Problem description: Pictures in the data must not be copied, but everything else should be output exactly.

Material provided:

______________________________

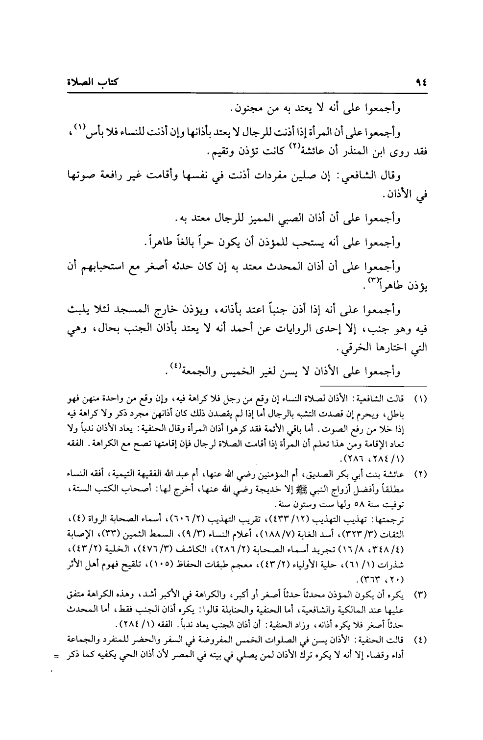 وَأَجْمعُوا على أَن الْمَرْأَة إِذا أَذِنت للرِّجَال لَا يعْتد بأذانها وَإِن أَذِنت للنِّسَاء فَلَا بَأْس، فقد روى ابْن الْمُنْذر أَن عَائِشَة كَانَت تؤذن وتقيم.
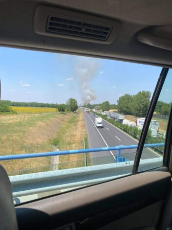 Mint írják, ötszáz négyzetméteren a sztráda melletti erdőre is átterjedtek a lángok, amelyeket oltanak az egységek. Az Utinform tájékoztatása szerint a forgalom csak a belső sávon halad, 2-3 km-es a torlódás. Az ellenkező, Röszke irányába vezető oldalon, Kecskemét térségében javítják a burkolatot. A 90-es km-nél csak egy sáv járható, torlódásra lehet ott is készülni.
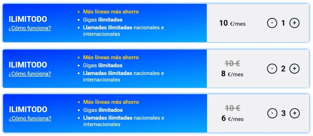 El Ilimitodo es tu tarifa. Llamadas nacionales e internacionales y gigas ilimitadas. Además ahora, ¡a mas líneas más ahorro!. Disfruta tú y tu familia de esta novedad.

______________________________

Task answer:
 وَأَجْمعُوا على أَن الْمَرْأَة إِذا أَذِنت للرِّجَال لَا يعْتد بأذانها وَإِن أَذِنت للنِّسَاء فَلَا بَأْس، فقد روى ابْن الْمُنْذر أَن عَائِشَة كَانَت تؤذن وتقيم.
 Mint írják, ötszáz négyzetméteren a sztráda melletti erdőre is átterjedtek a lángok, amelyeket oltanak az egységek. Az Utinform tájékoztatása szerint a forgalom csak a belső sávon halad, 2-3 km-es a torlódás. Az ellenkező, Röszke irányába vezető oldalon, Kecskemét térségében javítják a burkolatot. A 90-es km-nél csak egy sáv járható, torlódásra lehet ott is készülni.
 El Ilimitodo es tu tarifa. Llamadas nacionales e internacionales y gigas ilimitadas. Además ahora, ¡a mas líneas más ahorro!. Disfruta tú y tu familia de esta novedad.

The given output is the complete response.